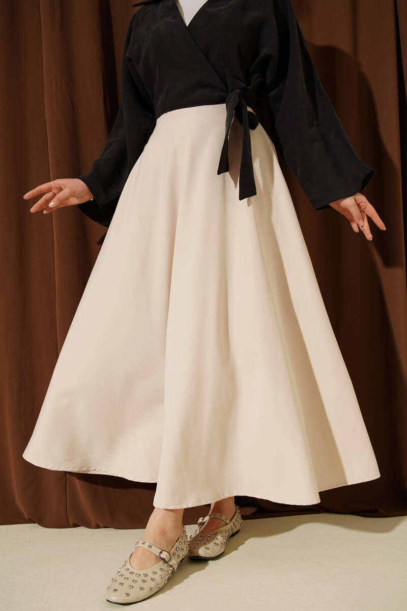 Fermuarlı Tensel Kloş Etek Çağla Yeşili
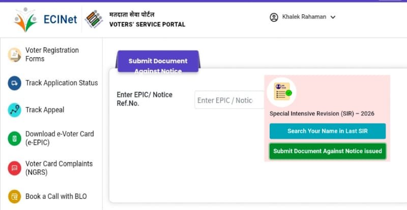 নির্বাচন কমিশনের তরফ থেকে ভোটার সার্ভিস পোর্টালে নতুন অপশন Submit Document Against Notice issued যুক্ত হলো।  এই অপশনের মাধ্যমে ভোটাররা জানতে পারবেন তাদের নামে Voter SIR হেয়ারিং নোটিশ জারি হয়েছে কিনা।  “Submit Document Against Notice Issued” এর সহজ অর্থ হলো, নির্বাচন কমিশন আপনার ভোটার হওয়ার যোগ্যতা বা তথ্যের সত্যতা নিয়ে একটি প্রশ্ন তুলেছে এবং আপনাকে আপনার দাবির স্বপক্ষে প্রমাণপত্র (Documents) জমা দিতে হবে।  যদি নোটিশ জারি হয়ে থাকে, তাহলে অনলাইনে কিংবা BLO এর মারফত নথি অনলাইন আপলোড করতে পারবেন। এছাড়াও হেয়ারিং এ গিয়ে নোটিশ দেখাতে পারবেন।
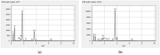 Energy Dispersive X-ray Spectrum of (a) 0% RAP + 100% RCCA + 6% cement (b) of 100% RAP + 0% RCCA + 6% cement.
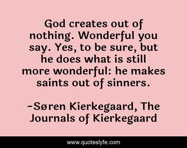 This page presents the quote "God creates out of nothing. Wonderful you say. Yes, to be sure, but he does what is still more wonderful: he makes saints out of sinners.". Author of this quote is Søren Kierkegaard, The Journals of Kierkegaard. This quote is about god, saints, redemption, sinners,.
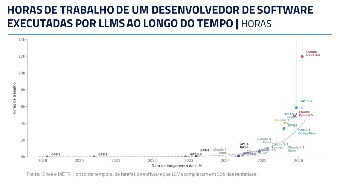 Atualmente, agentes de I.A. já conseguem realizar tarefas de complexidade equivalente a 10 horas de trabalho de um desenvolvedor de software júnior. Como comparação, o ChatGPT, quando lançado, conseguia fazer apenas o equivalente a poucos segundos de trabalho. No ritmo atual, em menos de dois anos os modelos serão capazes de realizar o trabalho que envolvem mais de uma semana de dedicação de um analista.
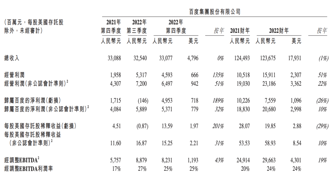 当天发布2022年第四季度财报之后,百度股价美股盘前一度大涨7.6%,开盘后却由涨转跌,最终当天收盘后百度股价下跌2.6%。
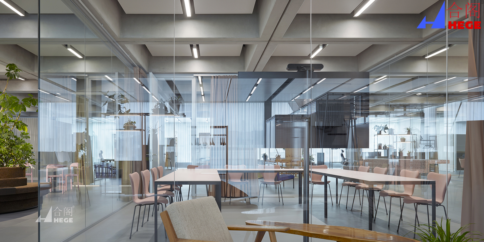 建筑一層的公共入口大廳通向一層和二層,所有樓層都通過建筑的樓梯連接,樓梯位于角落。四個樓梯一次又一次地從意想不到的角度出現(xiàn),舒適的內部允許各種各樣的聚會,從可定制的550個座位的禮堂,可以分割成三個獨立的大廳,到高度集中的個人工作區(qū)域。獨立的工作空間、可調節(jié)的辦公桌和封閉的隱私區(qū)域與分散在開放平面上的會議室混合在一起。
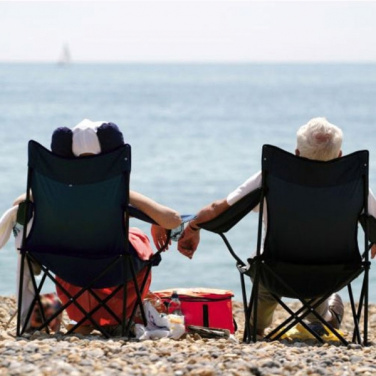 Klappbarer Sessel mit stabilem Stahlrahmen, hochwertigem, robustem Polyesterbezug, integriertem Getränkehalter, Tragetasche und einer Belastbarkeit bis 100 KG. Ihr Logo drucken wir auf die Tragetasche.
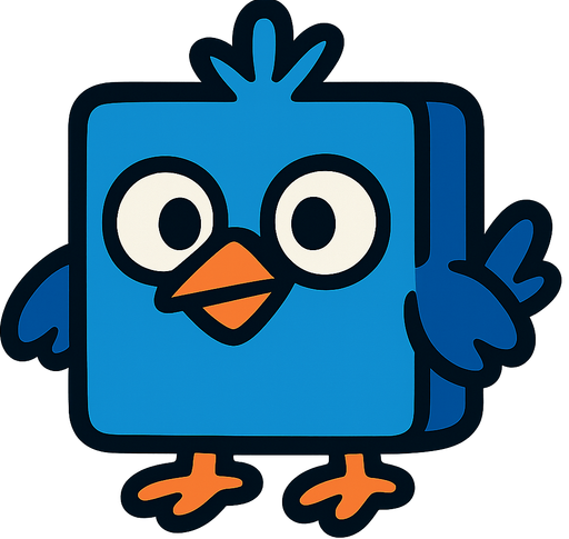 Square shaped rainbow bird facing right. In-Game asset. 2d. High contrast. No shadows
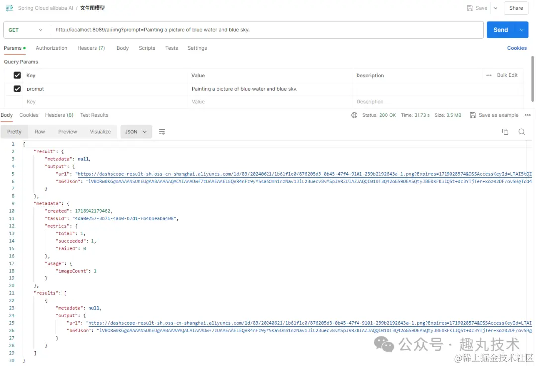 调用文生图模型接口,可以看到AI生成了我们想要的图片。
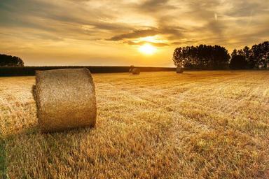 Keywords: hay field agriculture sunset landscape scenic colorful bales grass countryside farming
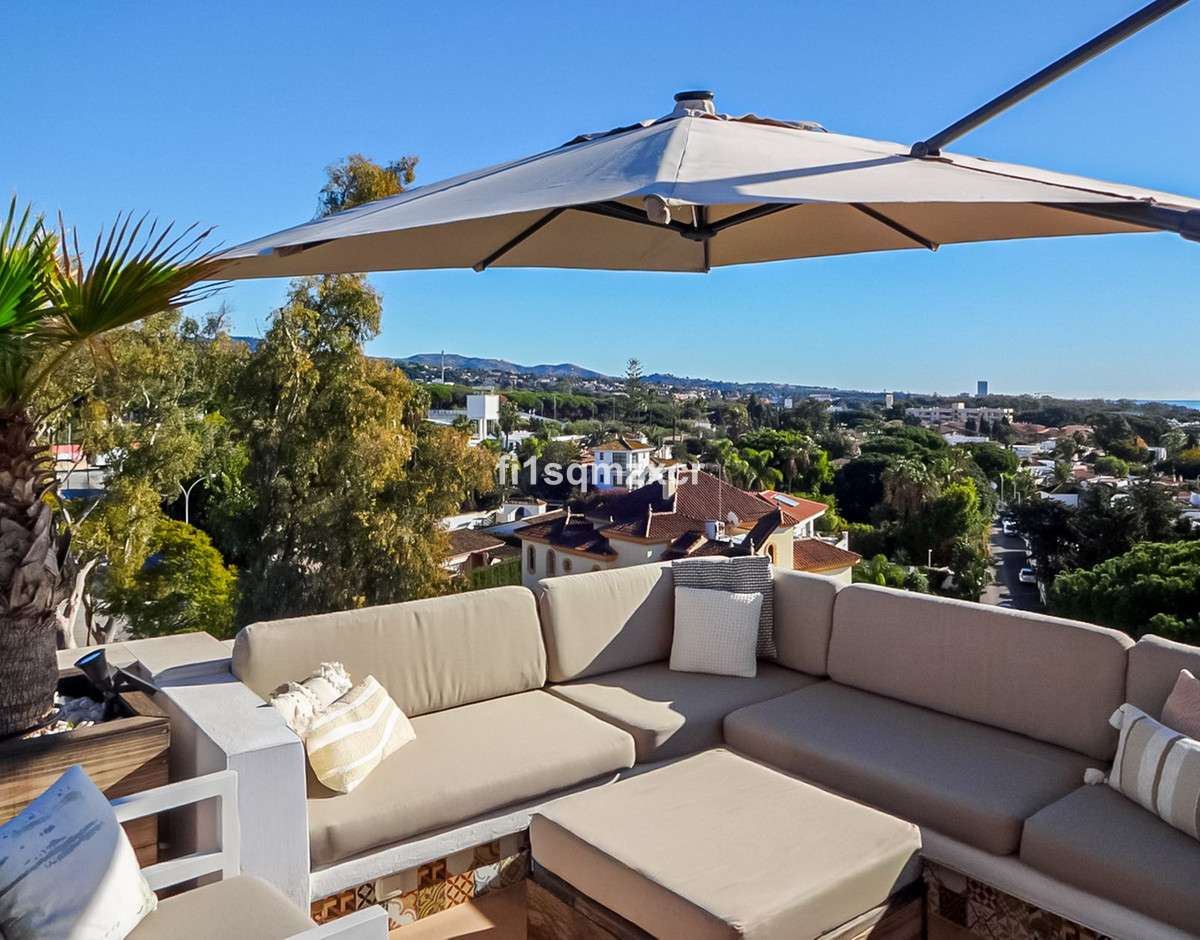 This unique corner penthouse with extraordinary views is located just a few minutes' walk from one of Marbella's most beautiful beaches, home to the best beach clubs, chiringuitos, and beach restaurants. The property has been completely redesigned and modernized with the finest materials. From the entire property, you have spectacular views of the entire coastline, Africa, and the mountains. Fourth floor: Hallway/entrance with stairs to the upper floor, guest toilet, new modern kitchen with a bar and high-quality appliances, a TV corner with a wood-burning stove for romantic evenings, a large L-shaped dining area with panoramic views, a bedroom, and a spacious bathroom.

--------------------------------

# Required action
Pictures aside, restate all of the entries exactly.

# Task answer
 Fermuarlı Tensel Kloş Etek Çağla Yeşili
 নির্বাচন কমিশনের তরফ থেকে ভোটার সার্ভিস পোর্টালে নতুন অপশন Submit Document Against Notice issued যুক্ত হলো।  এই অপশনের মাধ্যমে ভোটাররা জানতে পারবেন তাদের নামে Voter SIR হেয়ারিং নোটিশ জারি হয়েছে কিনা।  “Submit Document Against Notice Issued” এর সহজ অর্থ হলো, নির্বাচন কমিশন আপনার ভোটার হওয়ার যোগ্যতা বা তথ্যের সত্যতা নিয়ে একটি প্রশ্ন তুলেছে এবং আপনাকে আপনার দাবির স্বপক্ষে প্রমাণপত্র (Documents) জমা দিতে হবে।  যদি নোটিশ জারি হয়ে থাকে, তাহলে অনলাইনে কিংবা BLO এর মারফত নথি অনলাইন আপলোড করতে পারবেন। এছাড়াও হেয়ারিং এ গিয়ে নোটিশ দেখাতে পারবেন।
 Energy Dispersive X-ray Spectrum of (a) 0% RAP + 100% RCCA + 6% cement (b) of 100% RAP + 0% RCCA + 6% cement.
 This page presents the quote "God creates out of nothing. Wonderful you say. Yes, to be sure, but he does what is still more wonderful: he makes saints out of sinners.". Author of this quote is Søren Kierkegaard, The Journals of Kierkegaard. This quote is about god, saints, redemption, sinners,.
 Atualmente, agentes de I.A. já conseguem realizar tarefas de complexidade equivalente a 10 horas de trabalho de um desenvolvedor de software júnior. Como comparação, o ChatGPT, quando lançado, conseguia fazer apenas o equivalente a poucos segundos de trabalho. No ritmo atual, em menos de dois anos os modelos serão capazes de realizar o trabalho que envolvem mais de uma semana de dedicação de um analista.
 当天发布2022年第四季度财报之后,百度股价美股盘前一度大涨7.6%,开盘后却由涨转跌,最终当天收盘后百度股价下跌2.6%。
 建筑一層的公共入口大廳通向一層和二層,所有樓層都通過建筑的樓梯連接,樓梯位于角落。四個樓梯一次又一次地從意想不到的角度出現(xiàn),舒適的內部允許各種各樣的聚會,從可定制的550個座位的禮堂,可以分割成三個獨立的大廳,到高度集中的個人工作區(qū)域。獨立的工作空間、可調節(jié)的辦公桌和封閉的隱私區(qū)域與分散在開放平面上的會議室混合在一起。
 Klappbarer Sessel mit stabilem Stahlrahmen, hochwertigem, robustem Polyesterbezug, integriertem Getränkehalter, Tragetasche und einer Belastbarkeit bis 100 KG. Ihr Logo drucken wir auf die Tragetasche.
 Square shaped rainbow bird facing right. In-Game asset. 2d. High contrast. No shadows
 调用文生图模型接口,可以看到AI生成了我们想要的图片。
 Keywords: hay field agriculture sunset landscape scenic colorful bales grass countryside farming
 This unique corner penthouse with extraordinary views is located just a few minutes' walk from one of Marbella's most beautiful beaches, home to the best beach clubs, chiringuitos, and beach restaurants. The property has been completely redesigned and modernized with the finest materials. From the entire property, you have spectacular views of the entire coastline, Africa, and the mountains. Fourth floor: Hallway/entrance with stairs to the upper floor, guest toilet, new modern kitchen with a bar and high-quality appliances, a TV corner with a wood-burning stove for romantic evenings, a large L-shaped dining area with panoramic views, a bedroom, and a spacious bathroom.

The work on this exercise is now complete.